Мы шли под руку на остановку, и говорить нам было не о чем; за девять лет, наверно, все переговорили, только шаги наши по асфальту еще стучали вполне согласно. Троллейбус пришел быстро, избавив нас от гнетущего неприятного ожидания вдвоем. Байба протянула мне руку — в кожаной перчатке она походила на неодушевленный предмет. Она пожелала мне удачи, я ей тоже. Мы были, наверное, самой примерной парой, из тех, по крайней мере, которые разводились в тот день. Дверцы захлопнулись — слава богу, все кончилось благополучно.
Я свернул в Кировский парк и брел по месиву тающего снега к улице Кришьяна Барона. Где-то гомонили и смеялись мальчишки. И мне пришло в голову, что решительно ничто больше не связывает меня с Байбой — дом продан, вещи поделены, детей нет, — и это чувство даже поразило меня своей новизной. Байба ушла из моей жизни, не оставив и следа: у меня (а возможно, и у нее) не будет даже воспоминаний, на которых хотелось бы хоть когда-нибудь остановиться, потому что и на то хорошее, что было в нашей с ней жизни, легла тень последних мучительных лет…
Так выглядел финал.
«Но главное не конец, а то, что до этого было…» Когда это началось и с чего началось? Вначале мы были счастливы. Или, может быть, то была лишь иллюзия? Ну в конце концов счастье всегда в большей или меньшей степени — иллюзия.
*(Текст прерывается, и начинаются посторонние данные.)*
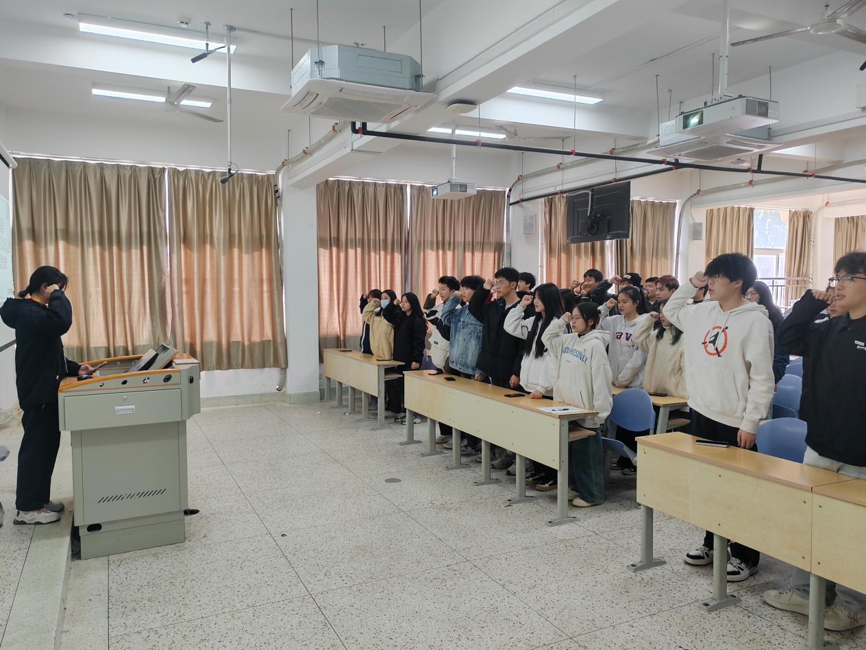 活動開始,胡啟航老師闡述了誠信考試的重要性,強調(diào)了“誠信為人之本”的重大意義,鼓勵班委們主動承擔起加強學風建設的責任,呼吁同學們認真復習、積極備考。隨后,參加人員全體起立,舉起右手一同宣誓:“我莊嚴宣誓,自覺遵守考試紀律,公平參與考試競爭,珍惜名譽,誠信做人,誠實應考,以實力爭取優(yōu)異成績,以誠信展現(xiàn)良好學風,誠信考試,絕不作弊,弘揚誠信考風,爭做誠信考生 。”

Тут не примешивался расчет, даже тайный расчет — мы любили друг друга. Мой однокурсник Кристап познакомил меня с тоненькой девушкой из балета. В то время я добился первых успехов, и мне льстило, что Байба слышала обо мне и даже кое-что видела из моих «картинок», как я с легкой иронией говорил сам. (Я тогда не задавал себе вопроса, сыграл ли здесь какую-то роль Кристап и какую.) Поклонник балета я очень средний, но в те времена я часто сидел на спектаклях, чтобы потом встретить Байбу у актерского выхода. В кафе обыкновенно было уже не попасть, и чаще всего мы просто бродили по улицам, а когда настало лето, ездили на взморье и купались при луне.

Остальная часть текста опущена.